# Data for review:
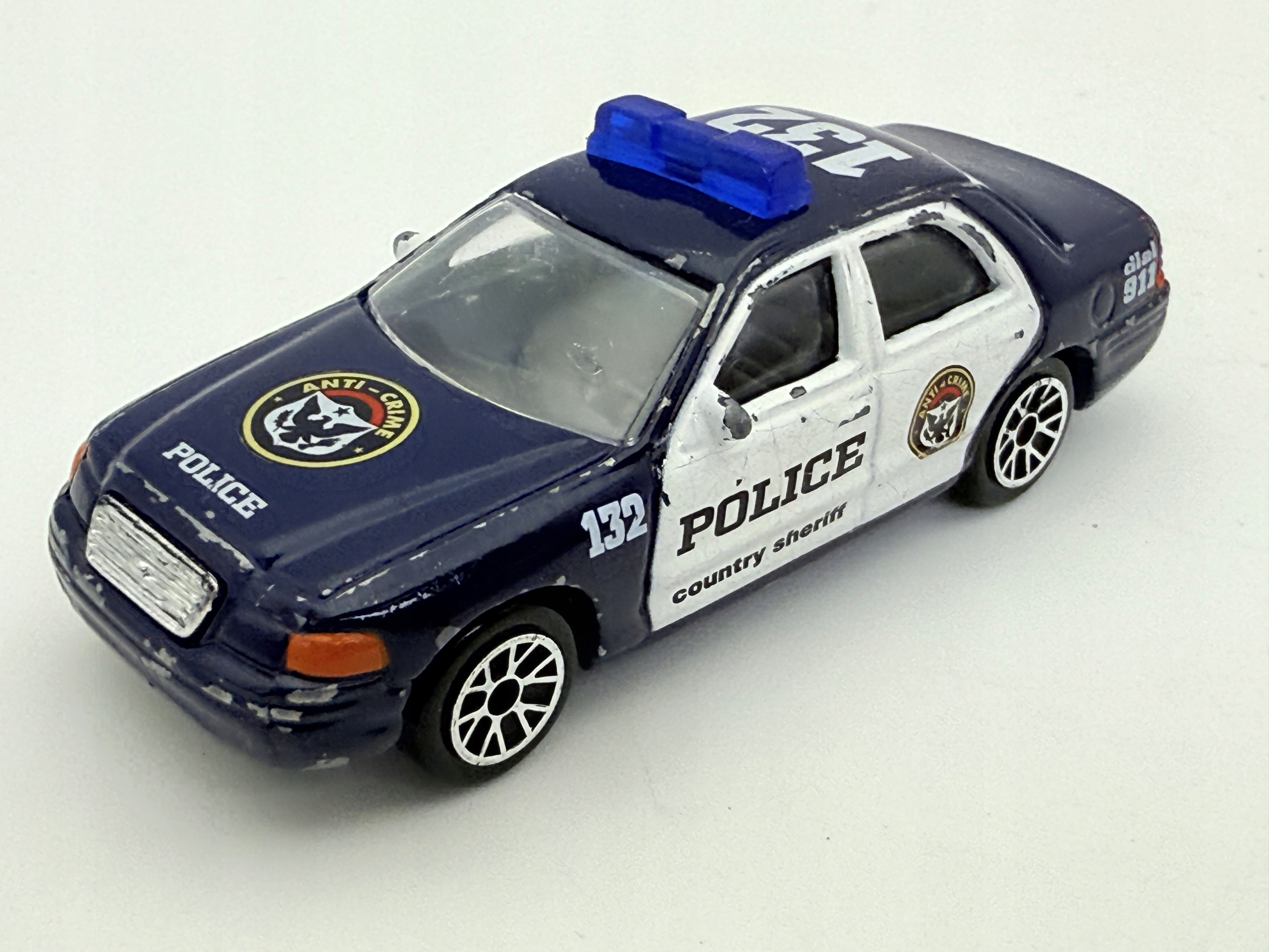 Resorak представляет Ford Crown Victoria — популярную модель, используемую полицейскими службами. Модель изготовлена из металла и пластика, что делает ее прочной. Темно-синий цвет с белыми элементами и синий петух на крыше добавляют аутентичности. Полицейские принты, такие как цифры и логотипы, подчеркивают его характер. Несмотря на видимые следы использования, рессорная подвеска по-прежнему выглядит хорошо и может стать привлекательным пополнением коллекции любителей служебного транспорта.
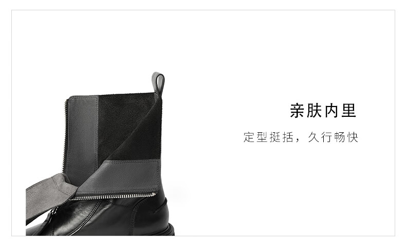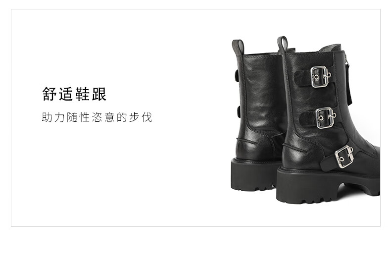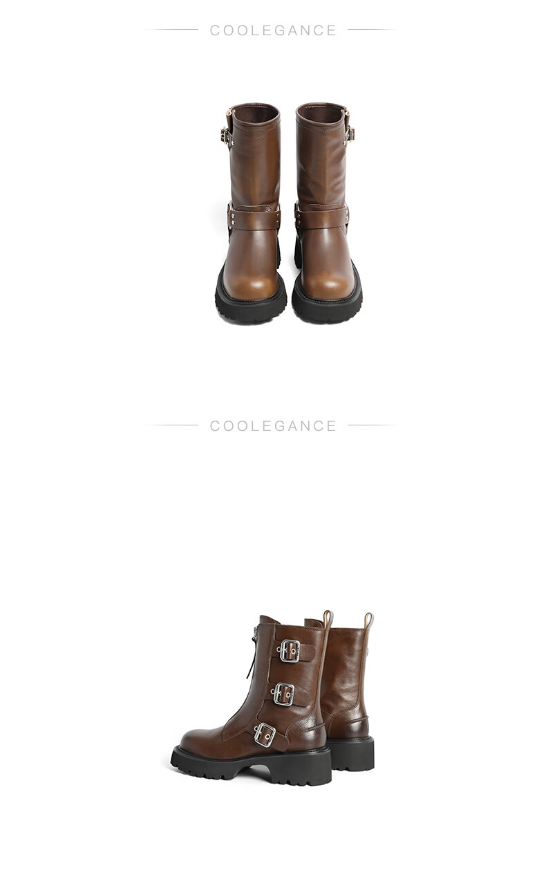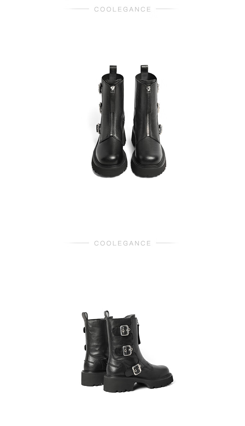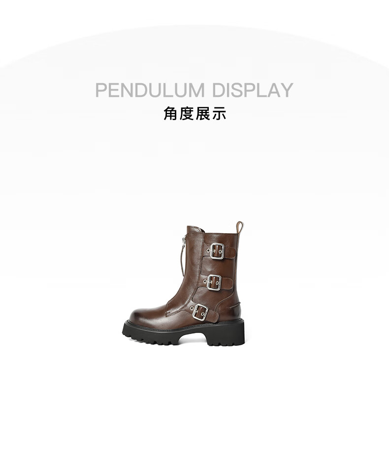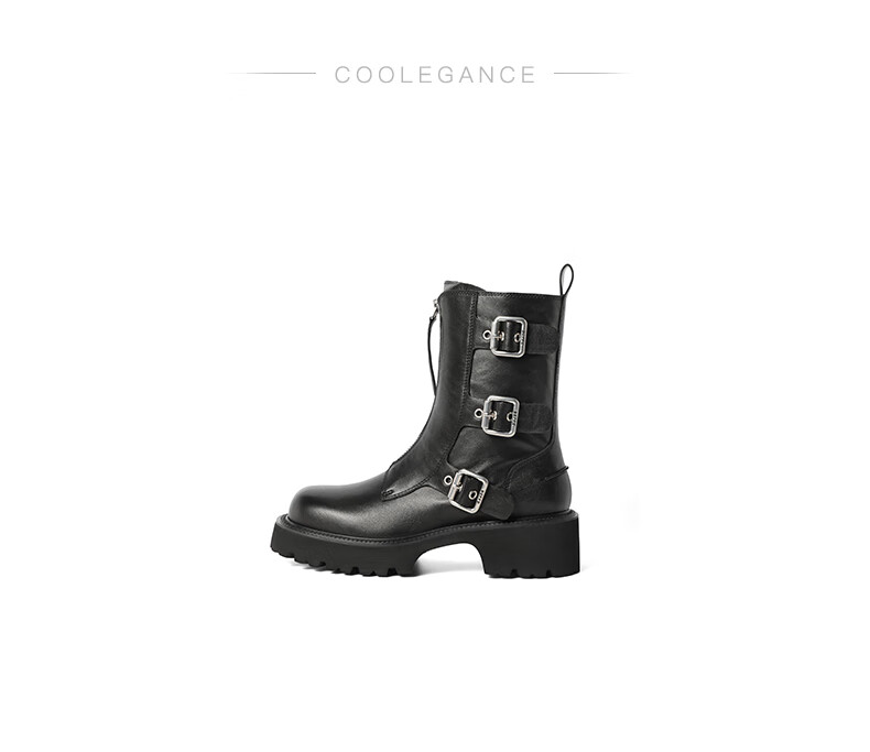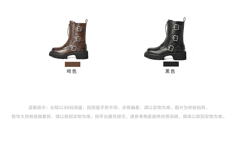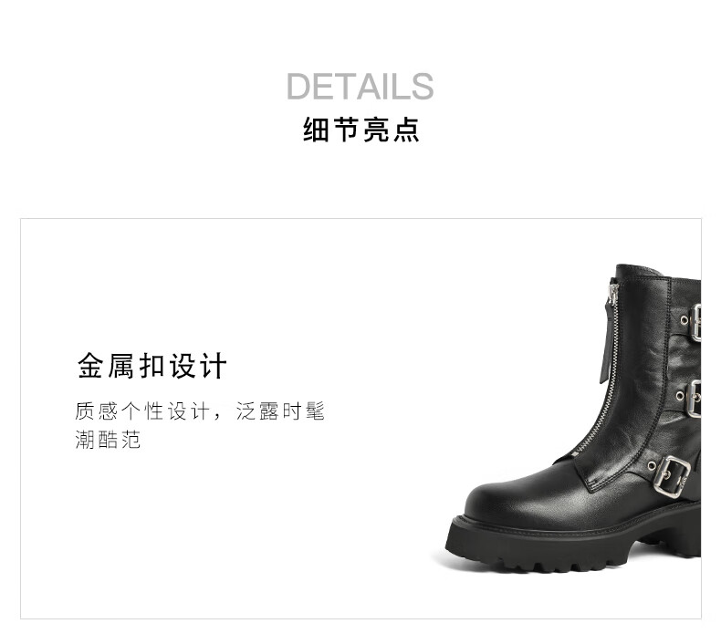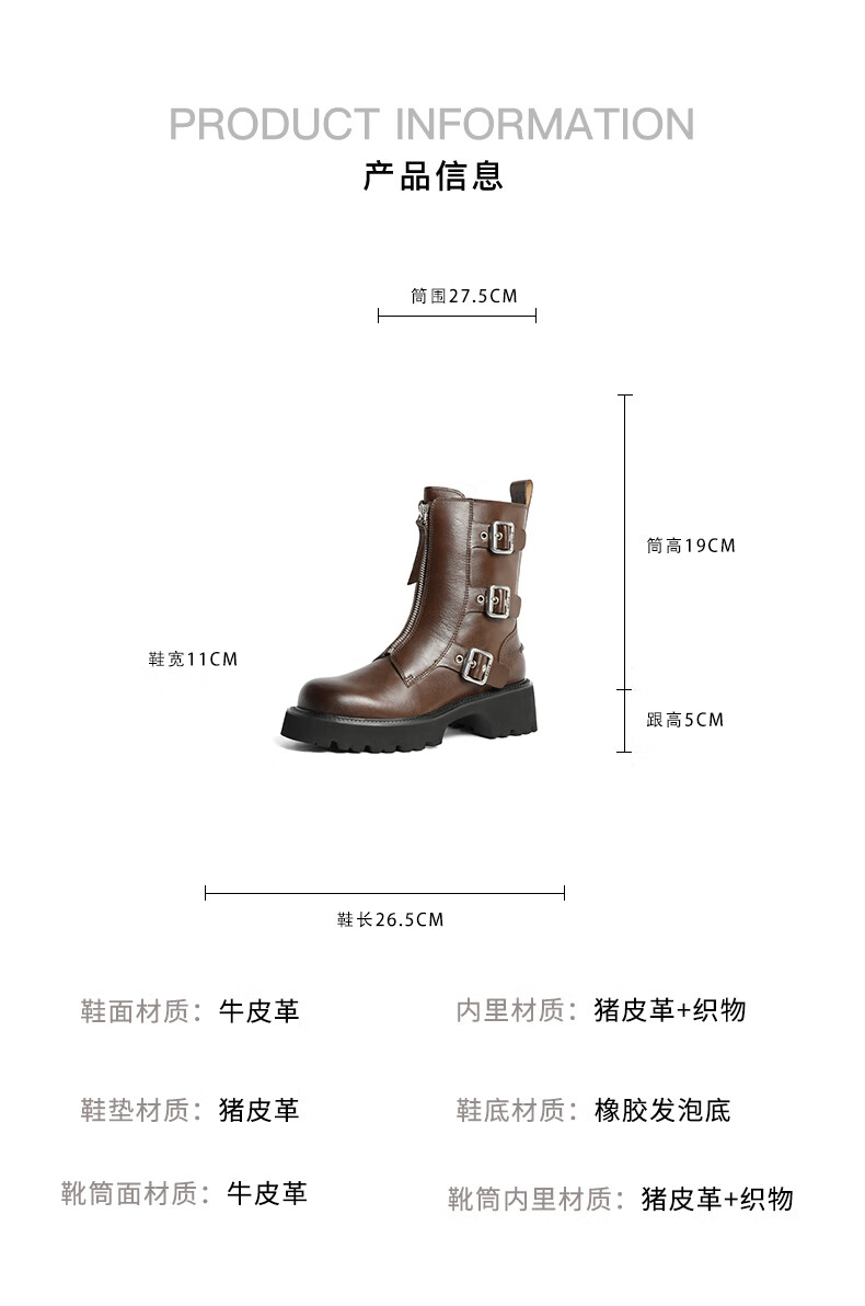 百丽个性金属扣机车靴女23冬季新款潮流百搭休闲靴BEM67DZ3预售 啡色 37
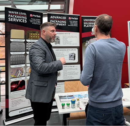 Parallel zu den Vorträgen präsentierte eine kompakte Fachausstellung aktuelle Entwicklungen aus Industrie und Forschung. Zu den Ausstellern zählten Indium Corporation, budatec GmbH, UniTemp GmbH, EKRA GmbH, Pac Tech – Packaging Technologies GmbH, Bond-IQ GmbH, nanotec international GmbH, Christian Koenen GmbH und Hahn-Schickard-Gesellschaft für angewandte Forschung e. V. Die Ausstellung bot über beide Tage hinweg reichlich Gelegenheit zu vertieftem Austausch – von spontanen Fachdiskussionen bis zu handfesten Projektideen.
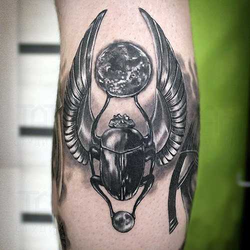 Существует также современный египетский стиль, где жука скарабея мастер изобразит объёмным. В этом случае тату делают чёрно-белым. Специалисты отмечают, что солнечный жук может стать началом и центральным символом рукава.
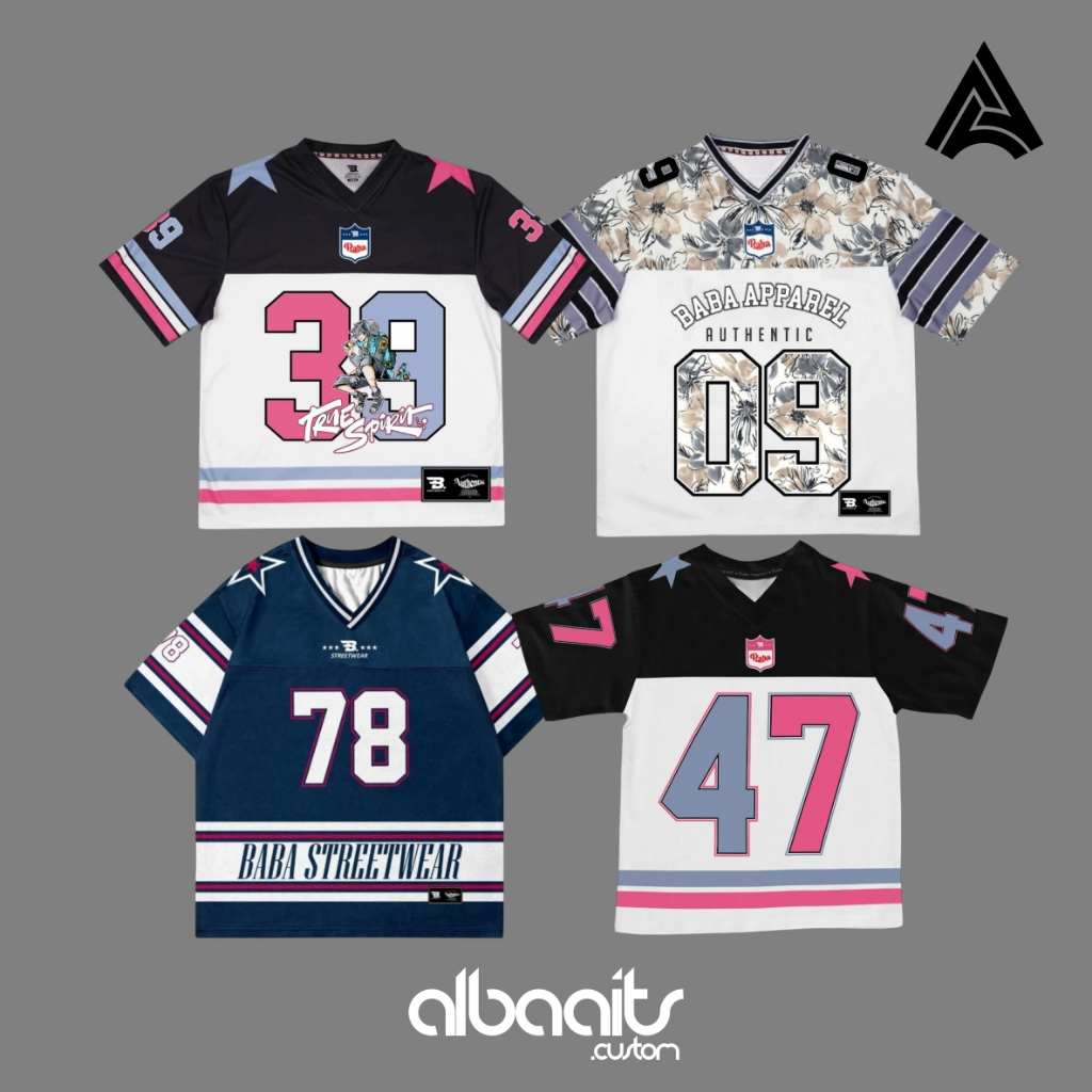 TANPA DP Jersey Custom Nama dan Nomor Baju Jersey Streetwear Oversize Boxy Fit Retro Unisex Vintage Jersey Ballet FootBall Fu
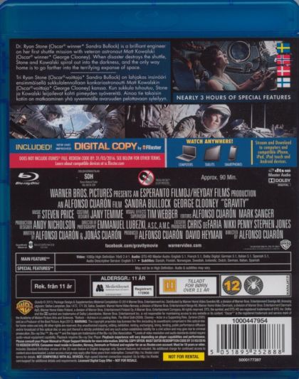 Dr. Ryan Stone, a brilliant medical engineer, is on her first Shuttle mission, with veteran astronaut Matt Kowalski in command of his last flight before retiring. But on a seemingly routine spacewalk, disaster strikes. The Shuttle is destroyed, leaving Stone and Kowalski completely alone-tethered to nothing but each other and spiraling out into the blackness of space. The deafening silence tells them they have lost any link to Earth and any chance for rescue. As fear turns to panic, every gulp of air eats away at what little oxygen is left. But the only way home may be to go further out into the terrifying expanse of space.
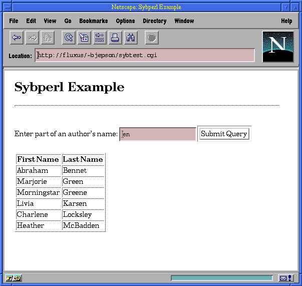 Here's a sample Perl program that uses CGI and Sybase::CTlib to give the users the ability to interactively query the authors table that is included with the pubs sample database:
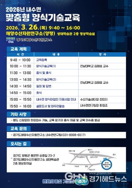 경기헤드뉴스 성미연 기자 | 경기도해양자원연구소는 오는 26일 양평에 있는 연구소 생태학습관에서 내수면 양식 어업인의 역량 강화를 위한 양식기술교육을 실시한다.
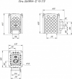 Внешний вид печи для бани с чугунной топкой «Былина» выдержан в древнерусском стиле. В оформлении использованы угловые набойки с массивными заклепками, добротные широкие ленты металла окаймляют вместительную каменку, в орнаменте конвектора узнаются элементы художественной ковки и даже очертания звеньев кольчуги. «Былина» - честная печь! Толщина корпуса чугунной топки составляет настоящие 10 мм! Именно поэтому масса печи без камней — 84 кг. Классическая внешняя каменка с легкостью вместит 55 кг камней.Еще одной отличительной особенностью печи, без сомнений, стала максимально возможная площадь теплообмена за счет большого количества конвекционных ребер чугунной топки. Да и округлая форма самой топки сконструирована так, чтобы прогревать весь объем каменной закладки без застойных «холодных» зон. В результате имеем максимально жесткую и действительно прочную печь. Нагревайте парную быстро, парьтесь по-богатырски! Выверенная конструкция печи позволяет равномерно прогреть не только парную, но и мойку, и комнату отдыха. Печь «Былина» рассчитана на парную объемом до 12 м3. Диаметр дымохода 115 мм. На печь можно установить любые стандартные элементы дымохода. Гарантийный срок 3 года.
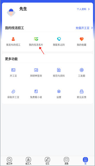 1、打开并登录App,进入“我的”页面,点击“我的找活名片”功能入口。
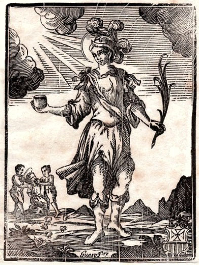 (Ampliar) - Gravat de Sant Ponç. A la imatge del fons, li fan beure el beuratge de xinxes. Extret del goig "El glorios mà:rtir San Pons" [sic]: "O San Pons qui les plegaries / oiu de los suplicants / matau xinxas, cuques feras, / que devoren nostras carns".
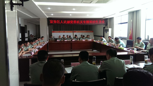 6月4日上午,宜秀區人武部黨委機關舉行專題組織生活會。市委常委、軍分區政委陳大林,軍分區司令張軍,軍分區參謀長章新華,軍分區政治處主任黃體沈,軍分區后勤部部長王奎到場指導,區委常委、人武部政委李亞波,人武部部長葉輝,人武部副部長王明理及各縣(市)區團級單位負責同志出席會議。
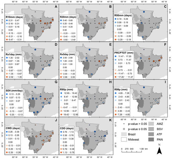 Spatial distribution of trends regarding number of heavy precipitation days (R10mm) (A), number of very heavy precipitation days (R20mm) (B), number of days above 50 mm (R50mm) (C), maximum 1-day precipitation amount (Rx1day) (D), maximum 5-day precipitation amount (Rx5day) (E), annual total wet day precipitation (PRCPTOT) (F), simple daily intensity index (SDII) (G), precipitation on very wet days (R95p) (H), precipitation on extremely wet days (R99p) (I), consecutive wet days (CWD) (J), and consecutive dry days (CDD) (K) in Midwest Brazil from 1979 to 2019. Large circles indicate statistical significance at the 5% level and small circles are not significant.
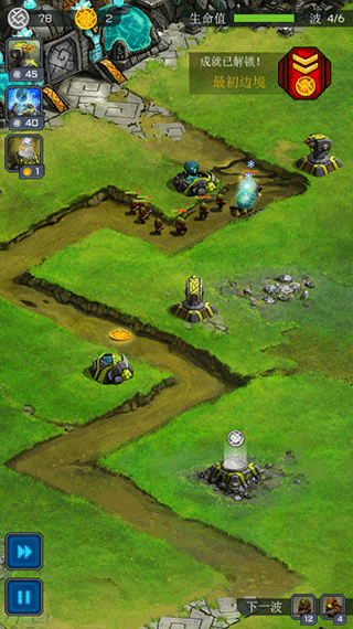 2、放置好后,点击左下角的“三角”图标,敌人开始入侵,即开始游戏。
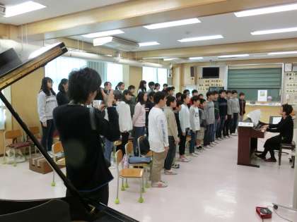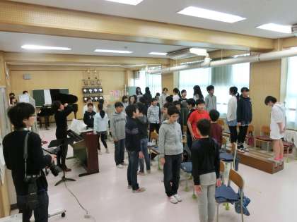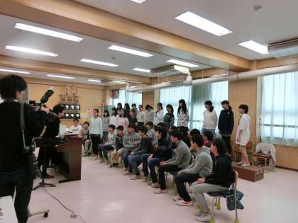 13日(火)の4時間目、音楽の授業の取材がありました。出版社から3名の方が来校し、授業の様子を写真に撮ったり、授業者にインタビューをしたりしました。今回は、時間割と授業内容から6年2組の授業でした。卒業式で歌う「最後のチャイム」と「大切なもの」の練習をしました。鼻濁音や話しかけるような歌い方などを繰り返し練習しました。シャッター音がしても動じることなく、堂々と歌う姿が立派でした。
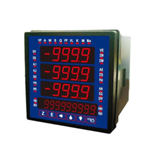 • 三輸入DC多功能集合式電表,RS-485二段警報,96×96mm,可量測三組DCV,DCA,DCW,DCWH,具雙向量測功能
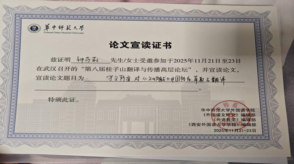 2025年11月21-23日,第八届桂子山翻译与传播高层论坛在武汉成功举办。我部教师钟莎莉老师应邀出席本次论坛,并与来自全国多所高校及研究机构的专家学者,就翻译与跨文化传播领域的前沿议题展开深入交流。

# Description of the task:
Repeat exactly the lines above, from the line that contains "TANPA DP Jersey" down through the line that contains "Dr. Ryan Stone, a". Include both of those lines and none of the pictures.

# Expected answer:
 TANPA DP Jersey Custom Nama dan Nomor Baju Jersey Streetwear Oversize Boxy Fit Retro Unisex Vintage Jersey Ballet FootBall Fu
 Dr. Ryan Stone, a brilliant medical engineer, is on her first Shuttle mission, with veteran astronaut Matt Kowalski in command of his last flight before retiring. But on a seemingly routine spacewalk, disaster strikes. The Shuttle is destroyed, leaving Stone and Kowalski completely alone-tethered to nothing but each other and spiraling out into the blackness of space. The deafening silence tells them they have lost any link to Earth and any chance for rescue. As fear turns to panic, every gulp of air eats away at what little oxygen is left. But the only way home may be to go further out into the terrifying expanse of space.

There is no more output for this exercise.